Olive gave herself over to him, letting her arms move with his arms and her torso turn with his torso. The club connected with the ball. The ball flew at least fifty yards in the air this time, rolling neatly into a large, grayish divot in the ice. A frozen-over ice fishing hole.

“A hole in one!” Phil laughed, not letting her go.

She stood very, very still, hoping he hadn’t realized he was still holding her. Or that he had realized it and wanted to. His body felt warm and substantial against hers. She closed her eyes.

“Why are you here?” he whispered into her hair.

She shivered. “I wanted to ask you the same thing.”

He paused, his arms still around her, but his grip loosened ever so slightly. “I guess I came here to escape for a little while. From my family and their chaos. From all the holiday cheer and goodwill to mankind. From you.”

“From me?” she asked, startled.

He grinned sheepishly. “It didn’t work, though.”

She stepped out of his grasp, and his arms fell away easily, like he wasn’t trying to hold on to her at all. She felt exposed. “Do you want me to go?” she asked more coldly than she’d intended.

“No, no. That’s not what I meant. You were here even before you got here.” He gestured to the lake and the snow-buried path behind them. “You’re in every single one of my memories of this place. In the trees, in the sky, in the contours of the lake. There’s no escaping you, Olive.”

Hopefulness swelled inside her chest, but a flicker of anger tempered it.
Then why must you try?
she wanted to ask.
Then why don’t you give in and come back to me?
Because he hadn’t last month, and he hadn’t last year, and even now she was the one who had come to him. If he loved her enough to see her in the “contours of the lake,” why didn’t he love her enough to give her a call and make her heart stop aching so badly?

“On my end, it feels like you’ve made a pretty clean break,” she said, looking down at the ground beneath her, where her boots and Phil’s had stamped diamonds and spades into the snow.

“There’s no such thing as a clean break.” He laced his fingers behind his neck, elbows pointed out like wings, as if surrendering. “There’s just hurt and regret. Second-guessing and trying to figure out how such a right thing could go so wrong.”

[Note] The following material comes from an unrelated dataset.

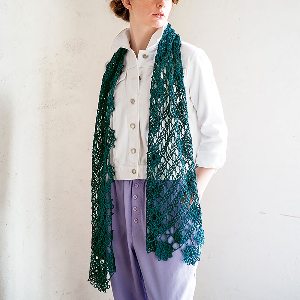 レーシーなロング丈ショールは、さらりとまとうだけで上品な雰囲気を演出できる最高の小道具! ブリューゲルレースの流れるような模様編みに、甘すぎないブリューゲルモチーフの縁取りで、大人の女性ならではの着こなしが楽しめます。透け感たっぷりのお揃いのポーチも素敵です。

They stood facing the lake without speaking, together yet also apart. Time felt as thick and impermeable as ice, and Olive wondered if the world had finally slowed. She sought the language that would express how sorry she was and how fervent her wish for their reconciliation, but all she could think of were the three little words that would be inadequate.
I love you, but no
, he had said.

Phil punctured the silence. “This whole time, I’ve been trying to solve our relationship like it’s some equation that I couldn’t get to balance. I couldn’t figure out if your not-cheating the second time canceled out your cheating the first time, and then if lying to me all year somehow multiplied the whole mess.” He released his interlocked fingers, letting his arms swing at his sides. “And then I realized that I hadn’t even factored in my side of the equation. I know I can be rigid in my thinking sometimes, and I must have made it really hard for you to want to talk to me about all of this. And I know I shut you out and walked away from an otherwise really good thing because that’s what I tend to do. But then I didn’t know which of these was worse, which way the equation tipped.”

She craned her neck to look up at him, her thoughts fluttering around like moths trapped in a jar. Phil’s eyes flashed at her, green as ivy in the wintry light. She stared back, hoping he could read everything she was thinking and feeling in the depths of her eyes. He scrutinized each of her features, as if he’d forgotten her face, as if he’d like to kiss her.

“Laying eyes on you, Olive, makes all of those imaginary calculations fly out the window. I see you, and I suddenly forget why I was keeping score. That’s why I stayed away, I guess. It was a last-ditch effort to protect myself. Because you totally, utterly undo me.”

Her heart was straining to lift right out of her body like a helium-filled balloon. “I’m going to try to never hurt you again. You don’t need to protect yourself from me.”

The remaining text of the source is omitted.